2024年のグローバル鉄鋼業界は、複雑な様相を呈している。生産量において、中国の鉄鋼企業は圧倒的な規模の優位性を示している。世界の粗鋼生産量ランキングTOP10のうち、中国企業が6社を占め、特に中国宝武鋼鉄集団は1億3000万トンの生産量で世界1位に君臨している。これは2位のアルセロールミタル(6500万トン)の約2倍に相当する。しかし、利益の面では驚くべきギャップが存在する。中国で最も利益を上げている上場鉄鋼企業4社――宝鋼股份、中信特鋼、南鋼股份、華菱鋼鉄――の2024年の純利益の合計は、日本製鉄1社の利益に遠く及ばない。

具体的なデータを見てみよう。2024年、宝鋼股份の純利益は73.62億元、中信特鋼は51.26億元、南鋼股份は22.61億元、華菱鋼鉄は20.32億元で、合計約167.81億元(人民元)となる。
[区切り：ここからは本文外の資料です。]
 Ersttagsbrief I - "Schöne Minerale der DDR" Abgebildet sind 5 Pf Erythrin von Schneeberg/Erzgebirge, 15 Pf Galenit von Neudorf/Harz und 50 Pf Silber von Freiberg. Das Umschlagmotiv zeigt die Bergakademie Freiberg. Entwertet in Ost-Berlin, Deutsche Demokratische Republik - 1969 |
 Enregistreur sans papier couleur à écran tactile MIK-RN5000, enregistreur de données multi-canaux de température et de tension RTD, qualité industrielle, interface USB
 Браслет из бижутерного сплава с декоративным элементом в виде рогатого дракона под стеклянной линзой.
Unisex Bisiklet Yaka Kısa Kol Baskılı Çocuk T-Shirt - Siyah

一方、日本製鉄は2024年12月31日までの会計年度の最初の9カ月間で、純利益が3620.77億円(約180億元)に達し、通年の利益は中国の4社合計を大きく上回る。
日本製鉄の利益が大幅に増加した背景には、一連の改革措置がある。2019年度(2020年3月期)に過去最大の赤字を記録した後、日本製鉄は収益構造の抜本的な見直しに着手した。経営理念の革新として、「従業員の自信の安定」「従業員の意識改革」「企業風土と文化の再構築」という3つの戦略を掲げた。さらに重要なのは、コスト管理と製品イノベーションへの取り組みである。
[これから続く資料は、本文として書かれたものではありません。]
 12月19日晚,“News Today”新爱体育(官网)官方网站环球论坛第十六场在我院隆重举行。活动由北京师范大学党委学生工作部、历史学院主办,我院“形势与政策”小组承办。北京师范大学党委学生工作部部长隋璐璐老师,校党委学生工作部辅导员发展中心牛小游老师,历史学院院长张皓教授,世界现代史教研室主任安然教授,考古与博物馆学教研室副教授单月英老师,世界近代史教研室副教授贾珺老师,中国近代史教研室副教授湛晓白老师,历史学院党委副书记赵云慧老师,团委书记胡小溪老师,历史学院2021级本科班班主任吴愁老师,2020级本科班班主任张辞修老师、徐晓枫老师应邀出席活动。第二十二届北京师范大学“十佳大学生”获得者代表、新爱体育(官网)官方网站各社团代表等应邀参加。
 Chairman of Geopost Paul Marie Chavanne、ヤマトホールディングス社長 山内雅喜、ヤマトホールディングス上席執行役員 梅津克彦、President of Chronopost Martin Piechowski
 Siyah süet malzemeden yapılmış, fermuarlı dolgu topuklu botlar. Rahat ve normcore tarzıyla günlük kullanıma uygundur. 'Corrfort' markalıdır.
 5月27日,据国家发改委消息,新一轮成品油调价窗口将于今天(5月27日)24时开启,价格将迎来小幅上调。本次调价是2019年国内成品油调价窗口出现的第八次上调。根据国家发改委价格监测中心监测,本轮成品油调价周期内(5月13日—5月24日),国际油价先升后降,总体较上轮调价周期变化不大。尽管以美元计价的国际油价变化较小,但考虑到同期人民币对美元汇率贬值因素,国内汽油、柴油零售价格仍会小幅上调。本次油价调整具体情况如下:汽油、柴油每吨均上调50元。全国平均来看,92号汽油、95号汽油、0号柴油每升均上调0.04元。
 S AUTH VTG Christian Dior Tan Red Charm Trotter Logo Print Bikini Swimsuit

コスト管理と生産の最適化に関しては、長年にわたり積極的な施策を展開してきた。例えば、米国鉄鋼会社を買収した際の対応が挙げられる。米国鉄鋼は長年、稼働率の低さ(約70%)や変動費の高さといった問題を抱え、市場競争力が著しく不足していた。買収初期から、日本製鉄は40人の技術者を米国に派遣し、生産方法の未熟さや歩留まりの低さといった課題に取り組んだ。生産プロセスの段階的な改善、設備体系や物流システムの継続的な最適化を通じて、変動費の削減に成功し、生産効率と製品品質を大幅に向上させた。
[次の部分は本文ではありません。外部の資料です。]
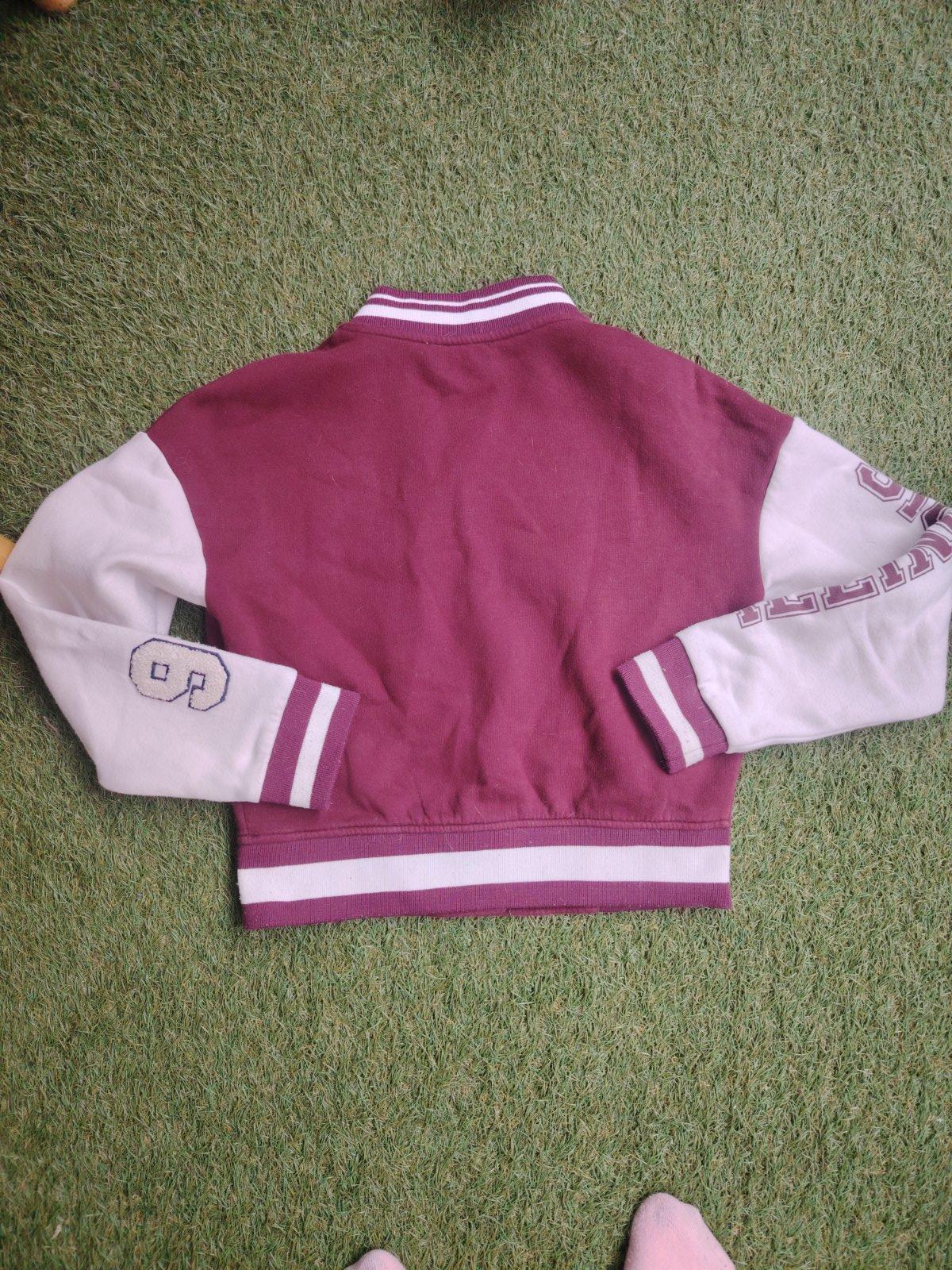 mikina, u nás veľmi obľúbená, viac nosená, je to už trochu vidieť, nemá žmolky, poškodenia, na doma ešte parádu narobí, nažehlovačka je popukaná od výroby, farba je taká špinavo-ružová

製品構造の調整においても、日本製鉄は優れた先見性を見せている。この分野での長年の積極的な取り組みが顕著な成果を上げている。例えば、高付加価値製品の開発や新市場への展開を通じて、競争力をさらに強化している。
このように、中国鉄鋼企業は生産量で圧倒的な地位を築いているものの、利益面では日本製鉄の戦略的な改革と技術革新に大きく水をあけられている。今後、中国企業が利益率の向上を図るためには、コスト管理の強化や製品の差別化、さらには企業文化の変革といった日本製鉄の成功事例に学ぶ必要があるだろう。グローバル鉄鋼業界の競争がますます激化する中、持続可能な成長を実現するための新たな戦略が求められている。